A Reforma Tributária vai substituir PIS, Cofins, IPI, ICMS e ISS por dois novos tributos, o IBS e a CBS, com início previsto para janeiro de 2026. O novo modelo vai alterar profundamente a estrutura de arrecadação sobre consumo, impactando desde pequenas empresas até grandes conglomerados, com reflexos diretos sobre o fluxo de caixa e a precificação de produtos e serviços. A mudança deve movimentar cerca de R$ 2,2 trilhões anuais em arrecadação, transformando o país em uma das primeiras economias do mundo com capacidade de mensurar a atividade econômica quase em tempo real. Foi prometido que o novo sistema também busca reduzir o contencioso tributário, que já ultrapassa R$ 5,6 trilhões, valor equivalente a quase 75% do PIB. Em um cenário de transição fiscal e busca por previsibilidade, o último trimestre de 2025 marca um ponto decisivo para as empresas, em que o planejamento tributário deixou de ser opcional e passou a representar um fator de sobrevivência e eficiência fiscal. A advogada tributarista Mary Elbe Queiroz, presidente do Cenapret e sócia do Queiroz Advogados avalia que o momento exige mais do que atenção às novas regras, requer revisão completa das estratégias fiscais, tecnológicas e operacionais, envolvendo todas as áreas da empresa, inclusive a sua localização, pois, a tributação passará a ser no destino. 

    “A reforma tributária é a maior reestruturação das últimas décadas e muda a lógica de apuração, local da tributação e de crédito. Empresas que trabalham com cadeias longas, prazos de pagamentos e recebimento e regimes especiais ou benefícios regionais precisarão avaliar como o novo sistema impactará seu fluxo de caixa e a precificação de seus produtos, pois os tributos serão calculados “por fora” do preço cobrado pelo fornecedor. A CBS e o IBS criam uma base ampla e transparente, mas também eliminam brechas e distorções que vinham sendo usadas para reduzir a carga. Quem não se planejar agora corre o risco de pagar mais do que deve e de enfrentar insegurança jurídica na transição”, afirma. Para a especialista, o impacto será sentido tanto no planejamento contábil quanto no estratégico, já que o novo modelo exigirá maior integração entre áreas tecnológica, financeira, fiscal e jurídica. “O momento de agir é antes da mudança começar a valer. Depois, as margens de ajuste serão muito menores”, completa. Uma nova estrutura permitirá o cruzamento automatizado de informações fiscais em tempo real, por meio de uma base digital nacional. Esse mecanismo vai permitir que o governo acompanhe as transações de bens e serviços de forma instantânea, fortalecendo o combate à sonegação e aumentando a transparência na arrecadação. A especialista observa que essa rastreabilidade total também aumenta a exposição das empresas, exigindo controles internos mais robustos e auditorias preventivas. 
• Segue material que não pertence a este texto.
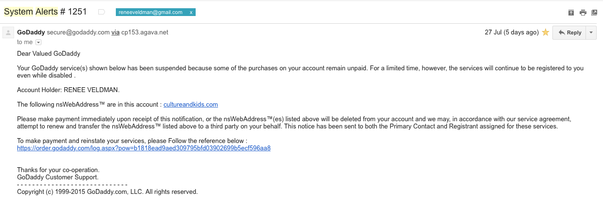 Why is it smart spamming? I recently transferred my domain name ownership for http://www.cultureandkids.com from Hostgator to GoDaddy. Therefore it was still fresh in my mind and I thought that something may have gone wrong with my payment. This email looks official and has all my details – however these are available on a public register for those who own domains.
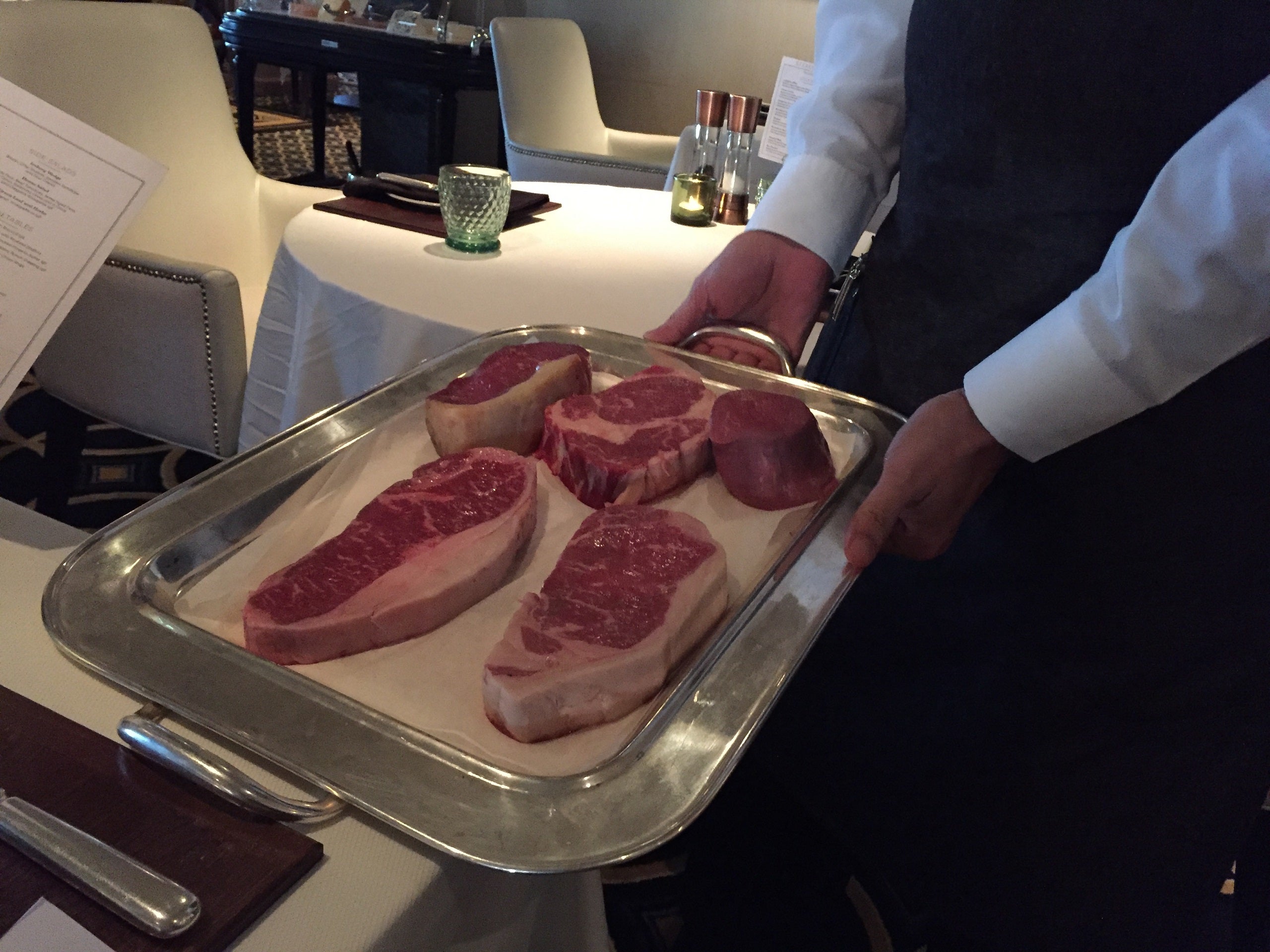 A selection of steak cuts is presented to diners before they order at Steakhouse at The Verandah on Cunard's Queen Mary 2. (Photo by Ashley Kosciolek/The Points Guy)
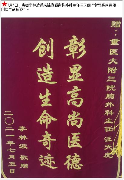 患者李林波送来锦旗感谢胸外科主任汪天虎“彰显高尚医德,创造生命奇迹”-锦旗-患者心声-患者服务-重庆医科大学附属第三医院【官方网站】

    “O contribuinte ganha clareza, mas também visibilidade. Notas, créditos e débitos estarão totalmente integrados, e operações sem lastro contábil ou com erros de classificação serão rapidamente identificadas. O planejamento tributário precisa ser visto como um processo contínuo, e não como uma ação pontual de fim de exercício”, reforça Mary Elbe. Ela acrescenta que empresas com múltiplas filiais, operações interestaduais ou regimes especiais de apuração devem ter atenção redobrada, já que o novo sistema elimina diferenças regionais e tende a centralizar a cobrança, o que exige uma revisão criteriosa de toda a estrutura operacional. O fechamento de 2025 representa a última grande janela para agir com segurança e previsibilidade. “As empresas precisam usar esses meses para simular cenários, revisar regimes tributários, identificar créditos acumulados e avaliar políticas de precificação e contratos. O planejamento feito dentro da legalidade é o que vai separar quem se adapta com eficiência de quem será surpreendido por novas alíquotas e obrigações”, conclui Mary Elbe. Ela destaca ainda que os efeitos da reforma não se limitam à área financeira: impactam também a governança corporativa, a relação com fornecedores e parceiros e o próprio posicionamento competitivo no mercado.